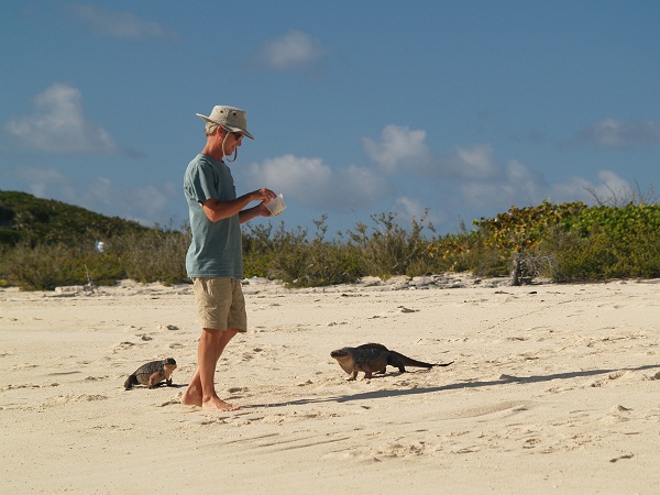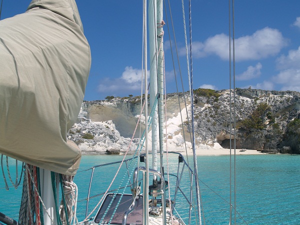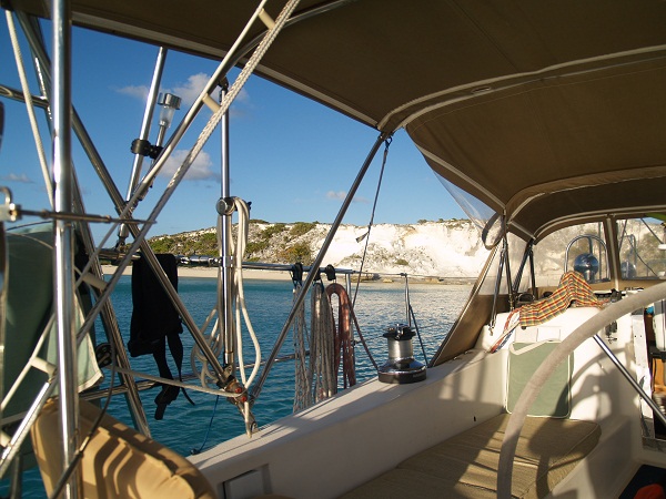 There is a beautiful beach that was totally empty, with the exception of an enthusiastic community of iguanas.  As an added bonus, there were white limestone cliffs to block the strong wind from the east.  Quite an amazing view from the cockpit.   It’s hard to beat this sort of view.  As an added bonus, this view of “white” comes with a temperature in the 80s instead of 8 degrees like home.   Good to know.In the afternoon I want ashore and stood at the bottom of the white cliffs.  The temperature had to be over 100 degrees as the sun was just baking into the white cliffs and they were acting like a solar oven.  It was amazing how different the temperature was just a few hundred feet away near the water where it was more like 80.  Talk about “microclimates”.I understand that this particular species of iguana is among the most endangered of any lizard in the world.  While they used to be abundant on many islands here, they now number in the hundreds or perhaps dozens.   That’s it.  Not very widespread.   I have been told that the population is doing pretty well and growing, I understand.
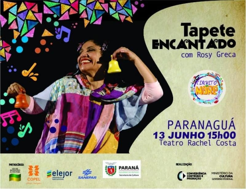 No dia 13 junho o Teatro Rachel Costa recebe o espetáculo “Tapete Encantado” com Rosy Greca. A iniciativa é da Prefeitura de Paranaguá por meio da Secretaria Municipal de Cultura e Turismo em parceria com a Secretaria Municipal de Educação.
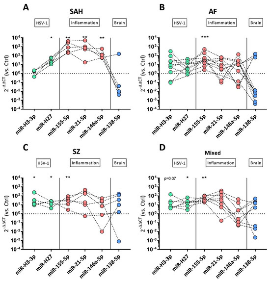 SAH patients were unique in presenting very low levels of viral miR-H3-3p (Figure 4A). The highest miR-H3-3p levels were detected in individual AF patients (Figure 4B); however, miR-H3-3p was significantly elevated in patients with SZ (Figure 4C). Viral miR-H27 was elevated in all groups except AF (Figure 4B).
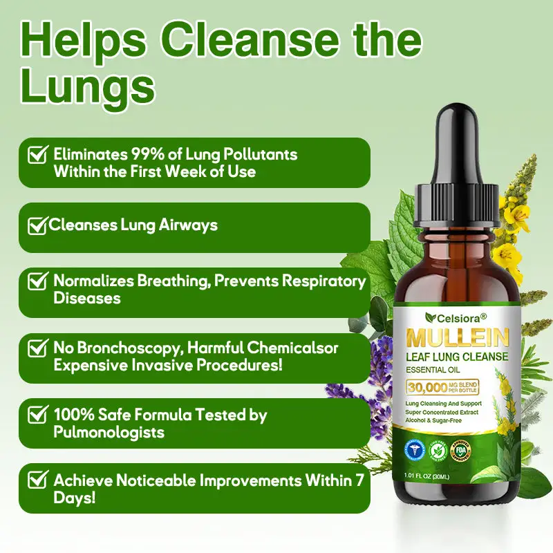 Thatโs when I found Celsioraยฎ Organic Mullein Leaf Lung Cleanse Essential Oil. I started applying a few drops to my chest and upper back every day, gently massaging it in and breathing in the herbal aroma. It felt soothing right away, and within two weeks I noticed a real differenceโthe tightness in my chest eased, I wasnโt gasping for air as much, and mornings no longer felt like a nightmare.
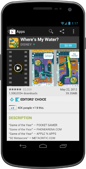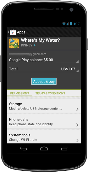 Google Play makes it fast and easy for your customers to buy your products, whether from a phone, a tablet, or a desktop computer. When users find an app or game that they want to buy, they can purchase it in as few as two steps—one to initiate the purchase and another to accept purchase details and permissions and complete the transaction.
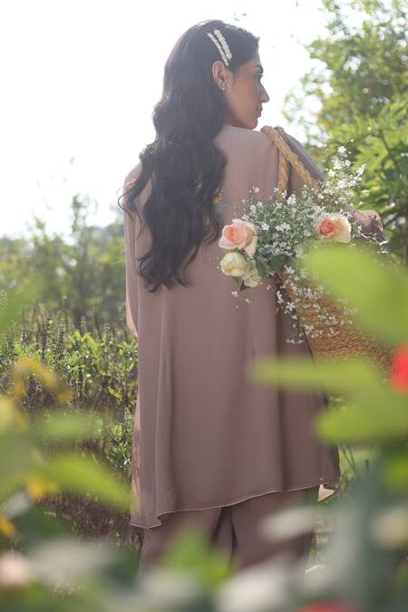 Fall pink georgette pleated kurta featuring floral and dori embroidery. Paired with matching pant.
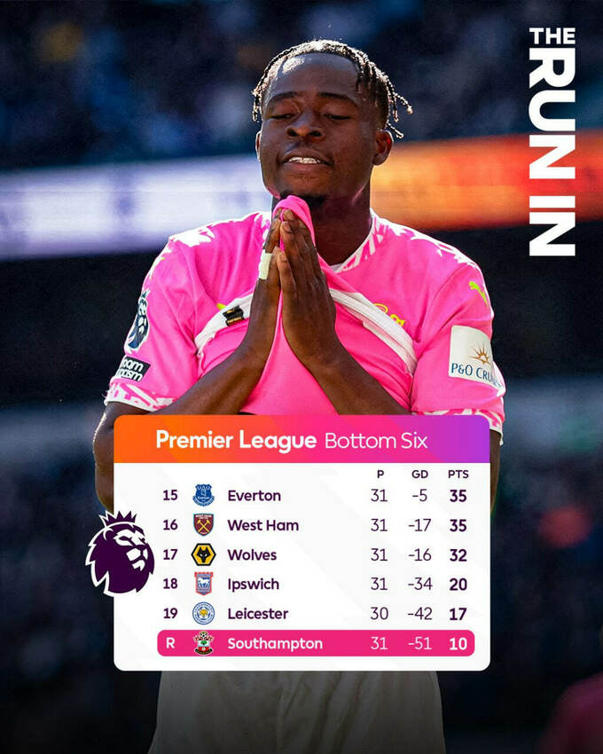 За 31 тур Саутгемптон зумів набрати лише 10 очок і розташовується на останньому, 20-му місці. Щоб залишитися в АПЛ, потрібно посісти 17-те або вище місце. Наразі 17-м іде Вулверхемптон із 32 пунктами.
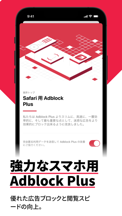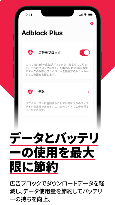 Webブラウザ『Safari』に表示される広告をブロックするアプリです。広告を非表示にすれば、トラッキング行為やウイルス感染を防げます。またスマホのデータとバッテリーを節約したい人にもおすすめ。

Problem description —
Pictures don't belong in the copy. Retype exactly the lines from the one with "Thatโs when I" through the last line of the records.

Answer below —
 Thatโs when I found Celsioraยฎ Organic Mullein Leaf Lung Cleanse Essential Oil. I started applying a few drops to my chest and upper back every day, gently massaging it in and breathing in the herbal aroma. It felt soothing right away, and within two weeks I noticed a real differenceโthe tightness in my chest eased, I wasnโt gasping for air as much, and mornings no longer felt like a nightmare.
 Google Play makes it fast and easy for your customers to buy your products, whether from a phone, a tablet, or a desktop computer. When users find an app or game that they want to buy, they can purchase it in as few as two steps—one to initiate the purchase and another to accept purchase details and permissions and complete the transaction.
 Fall pink georgette pleated kurta featuring floral and dori embroidery. Paired with matching pant.
 За 31 тур Саутгемптон зумів набрати лише 10 очок і розташовується на останньому, 20-му місці. Щоб залишитися в АПЛ, потрібно посісти 17-те або вище місце. Наразі 17-м іде Вулверхемптон із 32 пунктами.
 Webブラウザ『Safari』に表示される広告をブロックするアプリです。広告を非表示にすれば、トラッキング行為やウイルス感染を防げます。またスマホのデータとバッテリーを節約したい人にもおすすめ。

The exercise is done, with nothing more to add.